7th Chairman of Inner Mongolia
- In office January 1998 – 12 June 2000
- Preceded by: Uliji
- Succeeded by: Uyunqimg

Personal details
- Born: December 1937 Tumed Left Banner, Inner Mongolia, China
- Died: 12 June 2000 (aged 62) Xilingol League, Inner Mongolia, China
- Party: Chinese Communist Party
- Alma mater: Taiyuan Institute of Technology

= Yun Bulong =

Chinese politician (1937–2000)

Yun Bulong (云布龙; December 1937 – 12 June 2000) was a Chinese politician of Tumed Mongol ethnicity. He served as Chairman (Governor) of Inner Mongolia Autonomous Region from 1998 until his accidental death in June 2000, when his car was hit by a train at a railway crossing.

==Life and career==
Yun Bulong was born in December 1937 in Tumed Left Banner, Inner Mongolia. As a member of the Tumed tribe, he was considered a "western" Mongol.

In September 1957, he entered the Department of Mechanical Engineering of Taiyuan Institute of Technology (now Taiyuan University of Technology), and graduated in 1962. He joined the Chinese Communist Party in December 1958.

After university, Yun worked as an engineer at Taiyuan Heavy Machinery Plant from 1962 to 1973. He then taught at Inner Mongolia University of Technology from 1973 until 1980, when he became an official at the Inner Mongolia Bureau of Standards.

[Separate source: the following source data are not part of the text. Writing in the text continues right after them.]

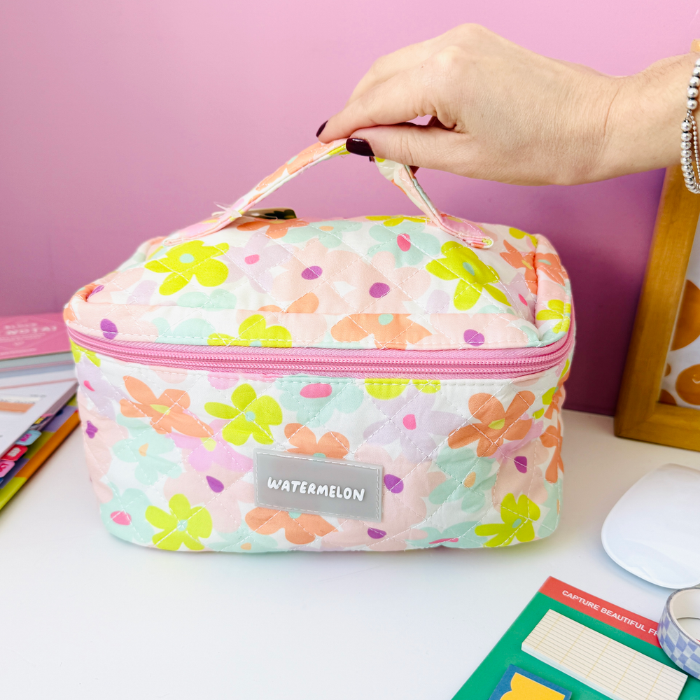 Cuenta con un amplio compartimento principal, bolsillo de red en la tapa interior para organizar y manija superior para llevarlo fácilmente 👜 💄
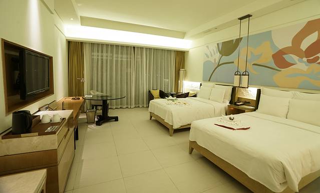三亚有太多的酒店,不同价格,不同星级的比比皆是,所以选择一家适合自己的酒店很重要。经过一系列的对比和选择,我最终选择了位于风光旖旎的三亚市国家海岸海棠湾,毗邻蜈支洲岛、南田温泉的旅游胜地——三亚万丽度假酒店。最主要的一个原因是这次自驾三亚的行程算是环岛了,所以在酒店的选择上,以中间的位置为最佳,这样不仅可以节约时间,也可以合理的安排行程。
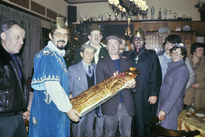 V.l.n.r. Gilbert Van Lancker, koning Napoleon Staelens, kleine man: onbekend, koning Ronny Eeckhout, Edmond Fiers, man erachter met snor Eric Versnaeyen, zwarte koning Eric Leytens en Dirk Versnaeyen. De vrouw is Marietje (familienaam?) en helemaal achteraan staat Rita Van de Velde.
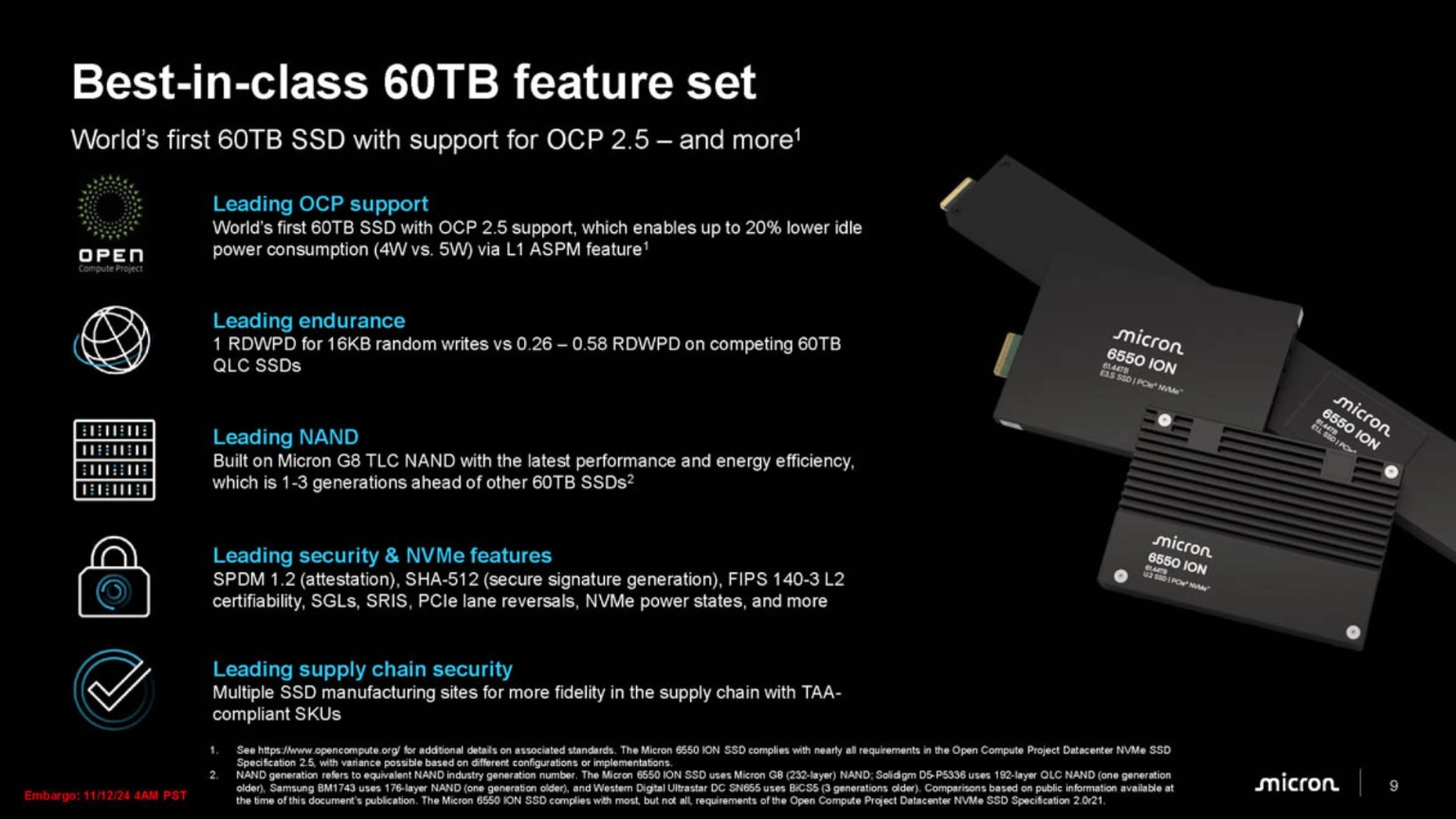Micron 6550 ION เป็น SSD สำหรับศูนย์ข้อมูลที่เร็วที่สุดในโลกขนาด 60TB และเป็น SSD แบบ E3.S และ PCIe Gen5 โดยเป็นการสืบต่อความสำเร็จของรุ่น 6500 ION ที่ได้รับรางวัล และออกแบบมาเพื่อมอบประสิทธิภาพ พลังงาน ทนทาน ความปลอดภัย และความหนาแน่นของชั้นวางที่ดีที่สุดในระดับเดียวกันสำหรับการใช้งานในศูนย์ข้อมูล exascale
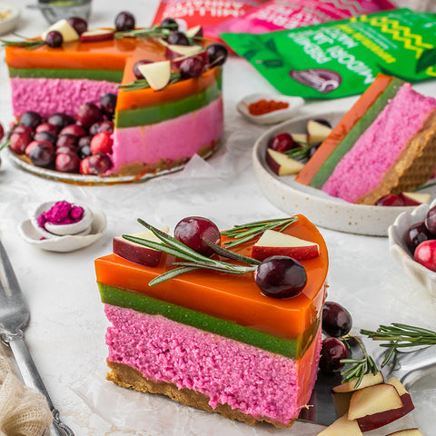 You are the apple of my pie! This stunning apple pie cheesecake will make you crave for more after your first slice. With a beautiful marriage between cheesecake and apple cider jelly, this dessert is definitely one of a kind đ¤! This beautiful color combination is made with Suncore FoodsÂŽ PowdersâCerise Prickly Pear, Midori Jade Matcha, Red Beet, and Yellow Goldenberry Powders. This beauty will be the spotlight at any occasion. Let's celebrate today because why not! Bake the world the better place. May the pies be ever in your flavor!

In December 1981 he was appointed Vice President of Inner Mongolia University, and served as Communist Party Secretary of the university from 1985 to 1990. He became Vice President of the Inner Mongolia High People's Court in August 1990.

In May 1992, Yun was appointed Vice Chairman of Inner Mongolia Autonomous Region. In December 1994, he became Deputy Communist Party Secretary, Secretary of the Commission for Discipline Inspection, and a member of the regional party standing committee of Inner Mongolia.

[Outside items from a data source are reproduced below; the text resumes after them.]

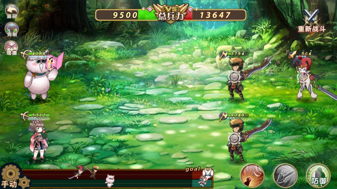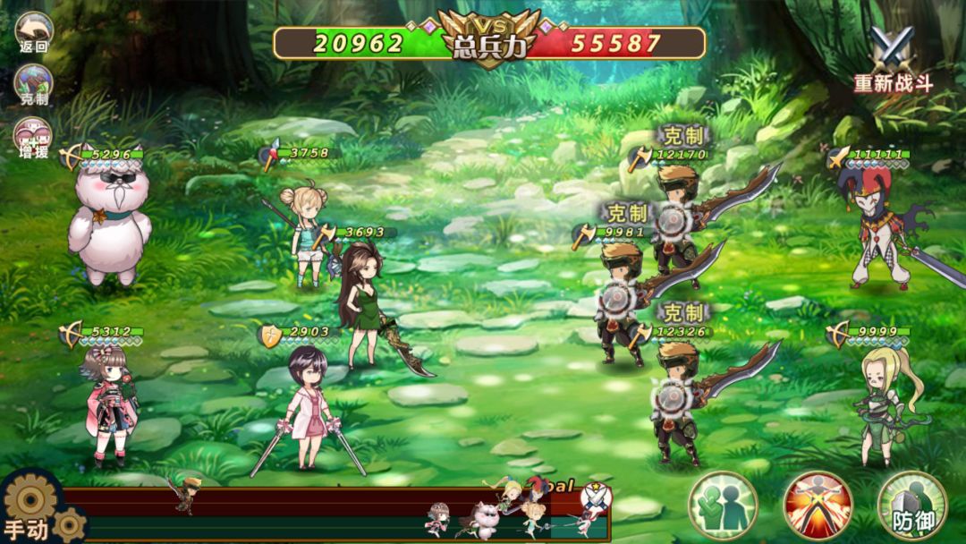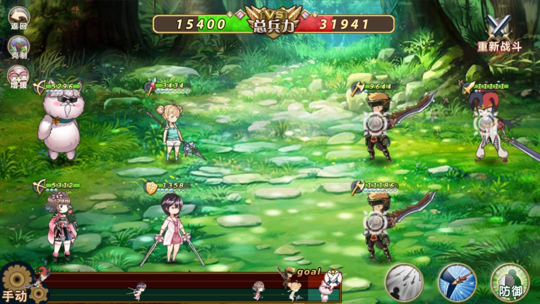 第一回合:开局先被仨斧兵破防以后,就不用担心会被破防了,(因为破防是不会被累计的,只取最高的)刘备保张飞,张飞加反击,对面弓箭必须飞刘备或者飞张飞(因为刘备保张飞)(要是没有就重新战斗刷出来吧),关羽一技能劈血最多的(因为防御低),双马射死对面法师
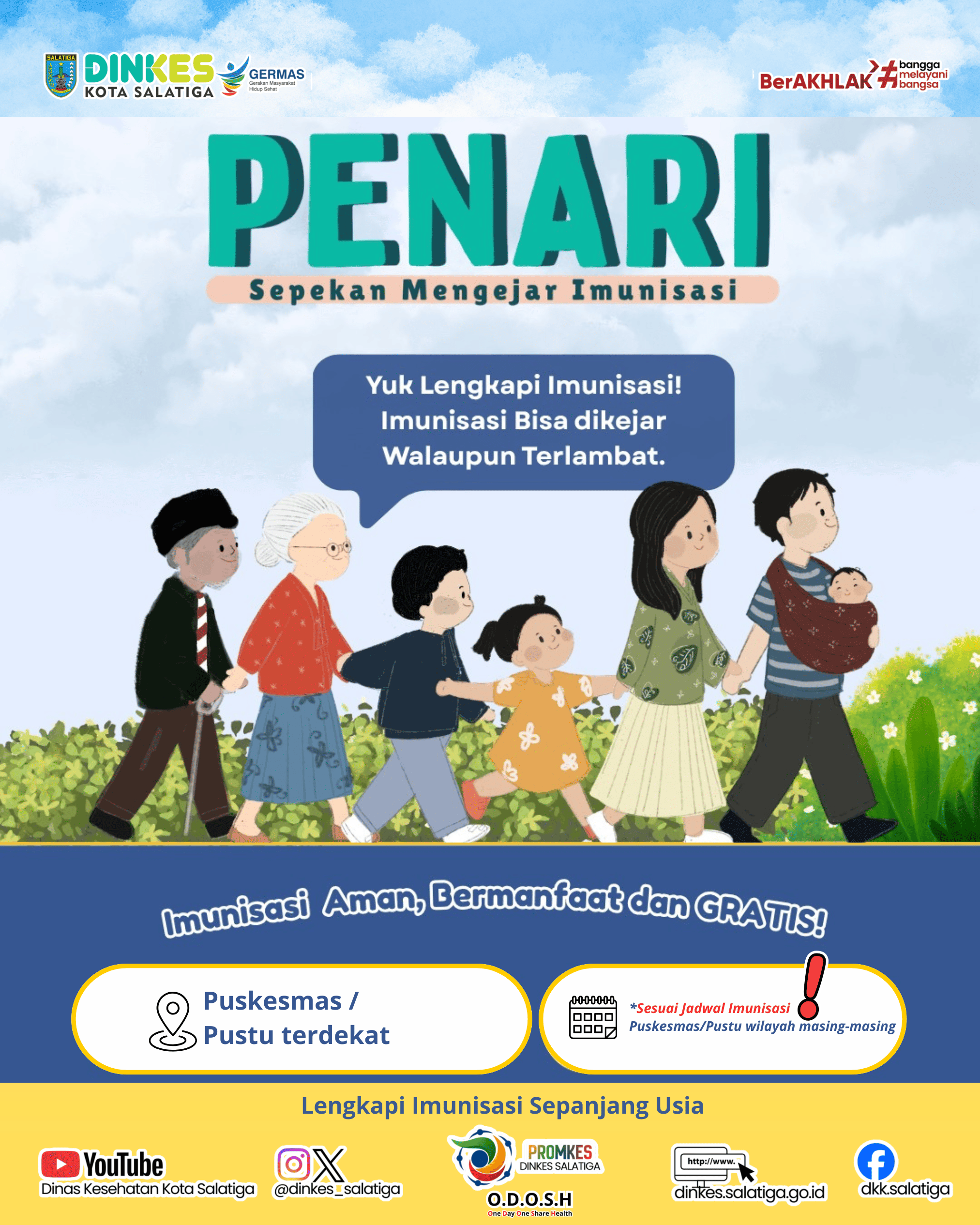 Melalui program PENARI, Dinas Kesehatan Kota Salatiga mengajak seluruh orang tua untuk tidak ragu membawa anaknya ke fasilitas kesehatan guna melengkapi imunisasi. Upaya ini menjadi bagian penting dalam mewujudkan generasi sehat dan terlindungi sepanjang usia.
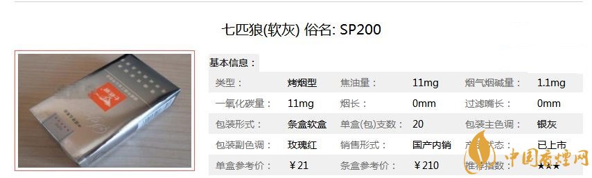七匹狼軟灰亦稱七匹狼(SP200),精選國內外優(yōu)質烤煙,人工片選精華,運用國際先進的無氟及過濾技術、HXD烘絲工藝,由全新的國際一流廠房和設備精工制作,氣質卓越優(yōu)雅,品味自然純正,煙草本香流露無遺,是比較經(jīng)典的具有較高性價比的狼煙。經(jīng)香煙網(wǎng)小編市場調查七匹狼軟灰售價為21元/包。
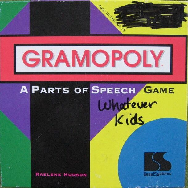 60 grammar terms and their descriptions are the basis of this Bingo-type 'educational' game. Each player gets one of 40 'GRAMO' cards, a 5 by 5 grid where each square has a grammar term number and it's description. The caller randomly pulls from the stock of 60 tokens, and reads aloud the column letter (G, R, A, M, or O), a grammar term, and optionally...
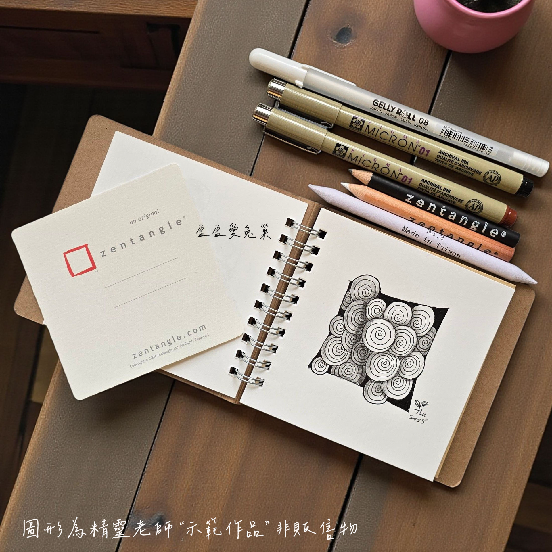 - 本賣場販售 [禪繞畫三色隨行本 (白色 黑色 茶色) ] , 及美國 Zentangle® 官方材料。

In September 1997, Yun was elected a member of the 15th Central Committee of the Chinese Communist Party. He was promoted to Chairman (Governor) of Inner Mongolia in January 1998, succeeding Uliji, an "eastern" Mongol.

==Death and aftermath==
On 12 June 2000, Yun Bulong was in Inner Mongolia's Xilingol League to inspect the area's sandstorm prevention work. Deng Nan, the daughter of Deng Xiaoping, was visiting Xilingol with funds allocated for combating desertification, and Yun planned to meet her. On his way, his car was hit by a train at 7:50 pm at an unguarded railway crossing in Sengedrai, Zhenglan (Xulun Hoh) Banner. Yun was killed, together with his secretary and bodyguard, and his driver was badly injured. Yun's body was cremated a few days later, and more than 1,000 people attended his funeral.

Yun Bulong's untimely death caught the Chinese national leaders unprepared, as he had only served half of his five-year term. Premier Zhu Rongji was reportedly angered and alarmed by the poor protection afforded to such a high-ranking leader. It took two months before Yun's successor was chosen. In August 2000, Uyunqimg, a Khorchin Mongol from Liaoning province (just east of the Inner Mongolia border) who was one of the vice regional chairs, was appointed Chairwoman of Inner Mongolia.